Over at his place, Neil Whitfield has been revisiting past posts. One year ago: Kevin Rudd bares all… was first published on 1 March 2010, two years ago. It includes a reference to an earlier post of mine from 30 May 2008, Slow down Mr Rudd, for all our sakes, slow down.
Neil's piece led me to look back at some of the things that I had written.
The Rudd Government was sworn in on 3 December 2007. That seems a long time ago now! It fell on 24 June 2010.
The first piece I wrote on Mr Rudd was on 22 November 2007 during the election campaign, The Rudd Approach - Efficiency Dividends, Axe Wielding and Razor Gangs. There I said in part: "All of a sudden Mr Rudd has given me a nasty feeling, a sense of déjà vu." The words déjà vu recurred in subsequent posts from around the same period: 28 April 2008, Mr Rudd and a dreadful sense of deja vu, 29 April 2008 Mr Rudd and a dreadful sense of deja vu - Managerialism and systemic failure.
Those earlier posts were influenced by my perceptions of what I saw as systemic failures in current approaches to management and public administration. This led me to interpret Mr Rudd's approaches in particular ways that were, I think, a little different from a lot of writing still influenced by the golden glow cast by the success of Kevin07, the Rudd new broom.
Looking back, the media gave Mr Rudd a long honeymoon period. When reporting did swing, it did so quite suddenly and with a degree of venom that surprised me at the time. At times it felt like "we were wrong, so we are coming to get you."
The déjà vu posts were part of a burst of posts I wrote over April, May and June 2008:
- 20 April 2008, Sunday Reflections - facilitation, fashion and the 2020 summit
- 28 May 2008 Saturday Morning Musings - foreign policy, Mr Rudd and the dangers of Australia's middle power status
- 28 May 2008 Mr Rudd's problems - trouble in the school yard,
- 30 May 2008 Slow down Mr Rudd, for all our sakes, slow down,
- 22 June 2008 Is Mr Rudd being New South Walesed?
One of the problems that I sometimes have in writing on current events is that some of my views such as my continued support for a constitutional monarchy or indeed my focus on country issues seem old fashioned. You can see this a little in those posts. This can impede interpretation in a GetUp world.
Looking at those posts, you can see my concern about the use of symbolism, of style and image over substance. But you can also see my professional focus on the actual working of Government. These concerns continued in later posts such as:
- 30 May 2009 Language, delivery and the Rudd Government ,
- 18 Jan 2009, Mr Rudd's continued New South Walesing,
- 13 February 2010 Cogito Ergo Est - I think therefore it is,
- 1 May 2010 Saturday Morning Musings - the Walesing of Mr Rudd,
I was, I think, either the first or close to the first to apply the NSW tag to the Rudd Government. I did so because I was quite close to the working of the NSW Government at the time, and the comparison was irresistible.

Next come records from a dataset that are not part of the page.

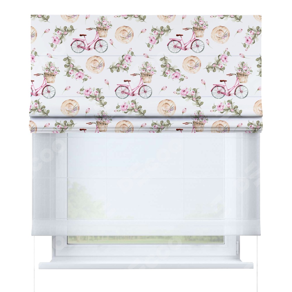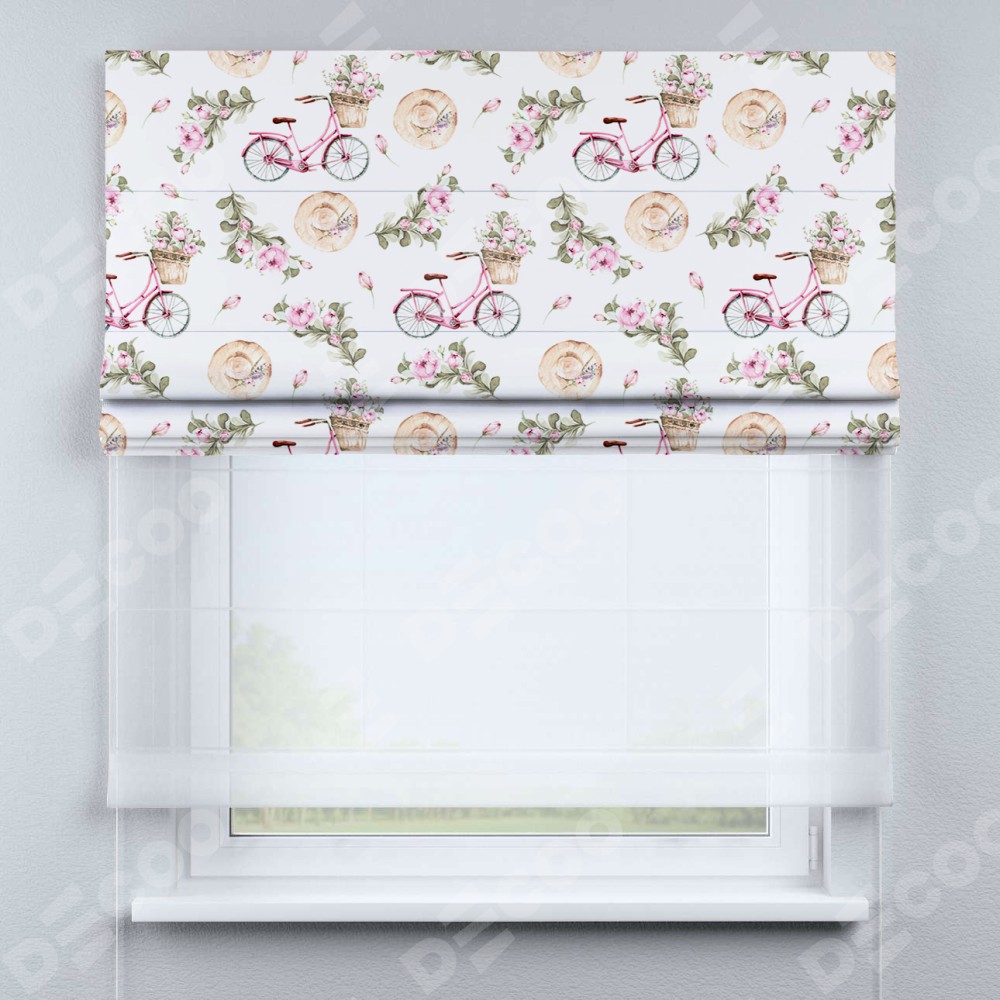 Римская штора день-ночь производителя «Cortin», используется для проёма, пошита из двух полотен, с лицевой блэкаут с нанесением сублимационной печати «Розовый велосипед», вторая ткань тюль (по стандарту комплектуется тюль белого цвета артикул V-01). Имеет универсальный механизм и подходит для монтажа: на потолок, на стену и в нишу.
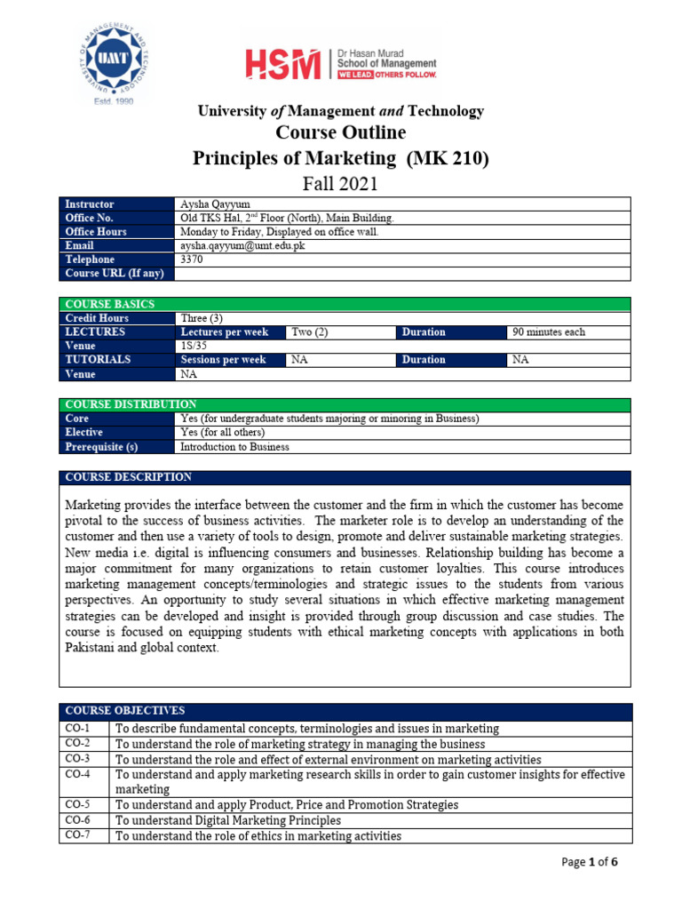 CLO-1 To describe fundamental concepts, terminologies and issues in marketing.
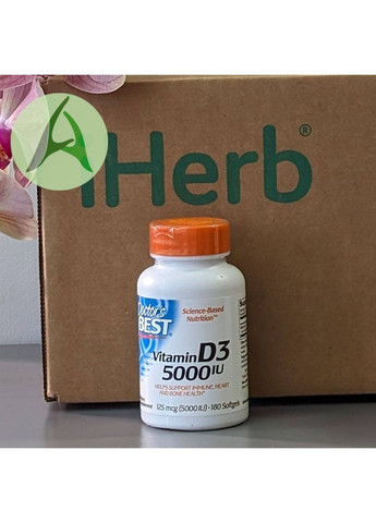 * Science-Based Nutrition| * Помогает поддерживать естественные иммунные реакции, здоровье сердца и костей| * Пищевая добавка| * Без ГМО| * Не содержит глютена| * Не содержит сои| Витамин D3 от Doctor's Best содержит D3 (в виде холекальциферола), необходимый организму для регулирования уровня фосфора и кальция, способствующих здоровью костей, зубов и сердца. Витамин D3 вырабатывается в коже за счет поглощения солнечных УФ-лучей и в ограниченных количествах поступает с пищей. Защита от солнца и климатические факторы могут влиять на низкий уровень витамина D3. Витамин D3 полезен для иммунной и сердечно-сосудистой систем, плотности и структуры костей, а также функционирования клеток. Он играет важную роль в работе большинства органов и систем организма и влияет на химические посредники иммунной системы.| * Помогает регулировать количество кальция и фосфора, необходимых для здоровья костей и зубов.| * Способствует укреплению иммунной системы и сердца.| | РЕКОМЕНДАЦИИ ПО ПРИМЕНЕНИЮ| Рекомендации для взрослых: принимать по 1 капсуле в день во время еды или в соответствии с рекомендациями врача-диетолога.| | ИНГРЕДИЕНТЫ| Масло оливковое нерафинированное первого холодного отжима, капсула (желатин, глицерин, очищенная вода).| | ПРЕДУПРЕЖДЕНИЯ| Хранить в сухом и прохладном месте.| | Пищевая ценность| Размер порции: 1 капсула| Порций в упаковке: 180| Количество в 1 порции % от суточной нормы| Витамин D3 (в виде холекальциферола) 125 мкг (5000 МЕ) 625%
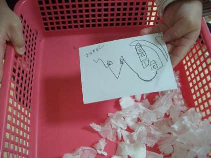 と包装紙でお部屋のおもちゃをきれいに包み,袋に詰めていきます。

Looking back at the posts, it's interesting just how much I wanted to Mr Rudd to succeed, to replicate the first period of the Hawke Government when so much seemed possible and indeed so much was done.
The Global Financial Crisis broke while we were in Shanghai in September 2009. That was a golden trip, one of the best weeks of my life.
I had watched the crisis unfold on the TV, but was astonished when I got back to Australia on the nature of the reporting. Yes, things were bad, but from an Australian perspective they just weren't as bad as the local presentation. As reporting and commentary got more hysterical, I was drawn back into straight economic reporting of type I had not done for several years just to redress the balance.
To my mind, the global financial crisis was both the Rudd Government's finest hour and its greatest disaster.
It was the Rudd Government's finest hour because it acted decisively at a time when such action was needed. It's not just numbers that are important here, but popular mood. Some of the Opposition's analysis was in fact closer to the mark than the Treasury advice, but with something close to panic in the streets action was required.
It was the Government's greatest disaster because it distracted from other things, but also imposed strains on a Government system that was already stretched for reasons that I had outlined. The result was things like pink batts.
One of the things that I have struggled to properly understand over the period is the reaction on the left and within the Labor Party family to events affecting both the Gillard and Rudd Governments. I am not talking just about the machinations, but about the writing and talking that has gone on.
I have written a little about the way in which intense worlds gain a reality independent of reality. I suppose that age and experience have blunted the sharp passion that I once felt on certain issues. Yet even the young Jim would have struggled to understand why, in the name of ideological purity, it is better to kill your friends or allies when the outcome must be Tony Abbott!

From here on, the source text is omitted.